TASK >> In the reply, give back exactly the lines from the one with "5月11日の給食『ドライカレ" through the last line of the records, without pictures.

Items from a data source
■ ■ ■ ■

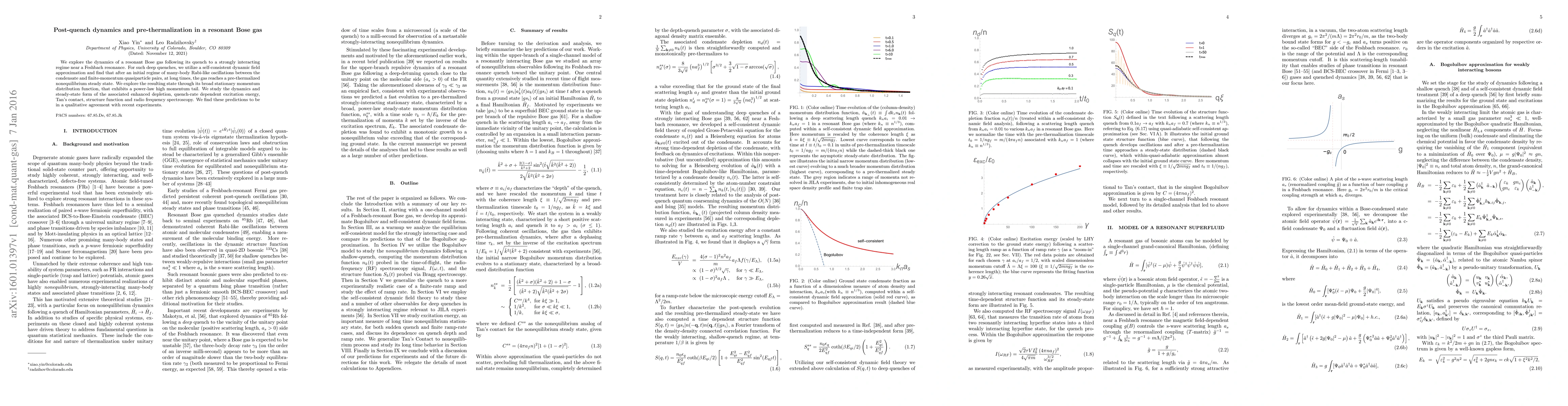 This research investigates the dynamics of a resonant Bose gas after a deep quench into a strongly interacting regime, revealing many-body oscillations and eventual pre-thermalization. The study finds a power-law momentum tail in the stationary distribution and correlates these findings with experimental observations.
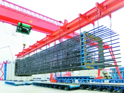⇧预制墩柱钢筋笼吊装 |
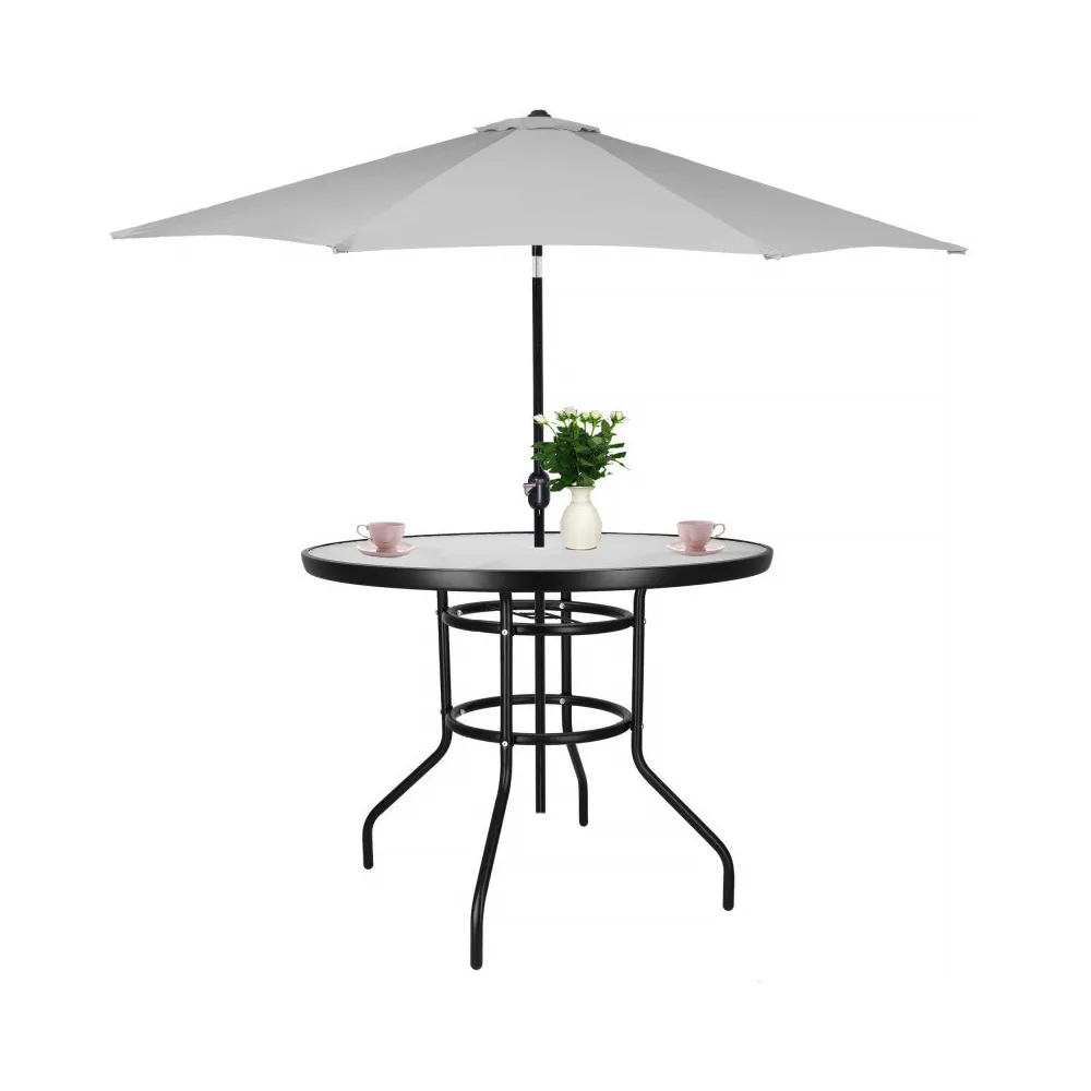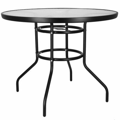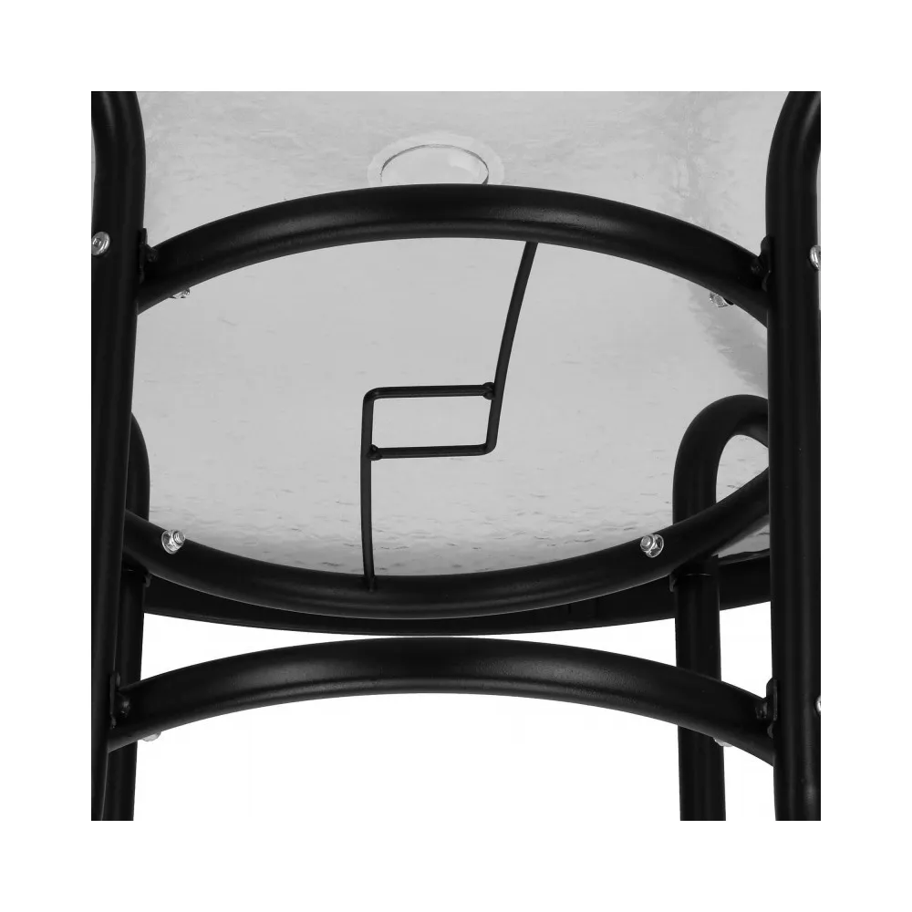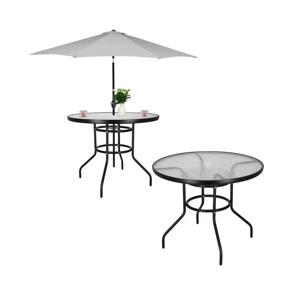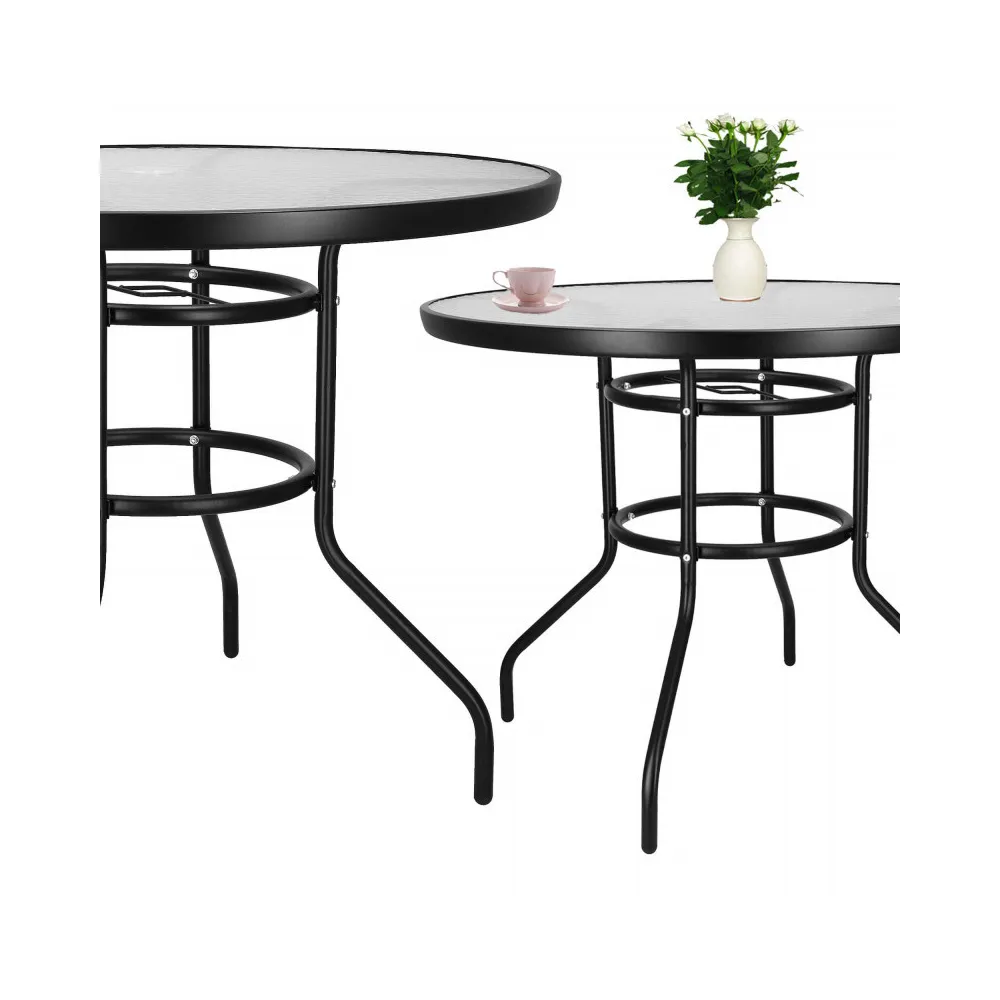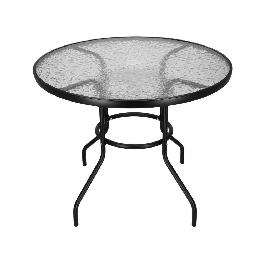 Eleganný záhradný stolík s priemerom 90 cm, vhodný pre 4 osoby. Stabilná kovová konštrukcia, sklenená doska z tvrdeného skla. Kompaktné rozmery, perfektné na terasy, záhrady alebo ako odkladací stolík.
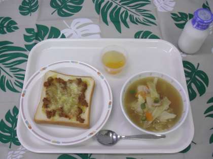 5月11日の給食『ドライカレートースト・白いんげんの田舎風スープ・フルーツゼリー・牛乳』
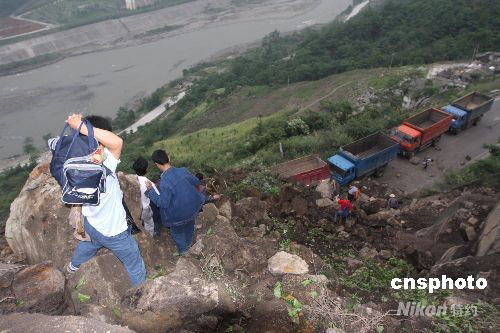 5月12日14時28分,四川汶川縣(北緯31度,東經103.4度)發生7.8級地震,離都江堰市區5公里的水井灣大橋發生大面積塌方,通往汶川的道路全線阻擋。圖為困在塌方區域的居民前往安全區域。 中新社發 黃榮 攝
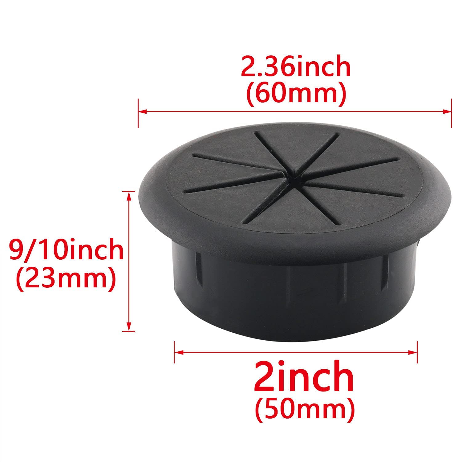 HJGarden 2PCS 2Inch (50mm) Desk Cord Grommets Wire Cable Hole Cover for Office PC Desk Cable Cord Cover Black

■ ■ ■ ■

RESPONSE AREA >>
 5月11日の給食『ドライカレートースト・白いんげんの田舎風スープ・フルーツゼリー・牛乳』
 5月12日14時28分,四川汶川縣(北緯31度,東經103.4度)發生7.8級地震,離都江堰市區5公里的水井灣大橋發生大面積塌方,通往汶川的道路全線阻擋。圖為困在塌方區域的居民前往安全區域。 中新社發 黃榮 攝
 HJGarden 2PCS 2Inch (50mm) Desk Cord Grommets Wire Cable Hole Cover for Office PC Desk Cable Cord Cover Black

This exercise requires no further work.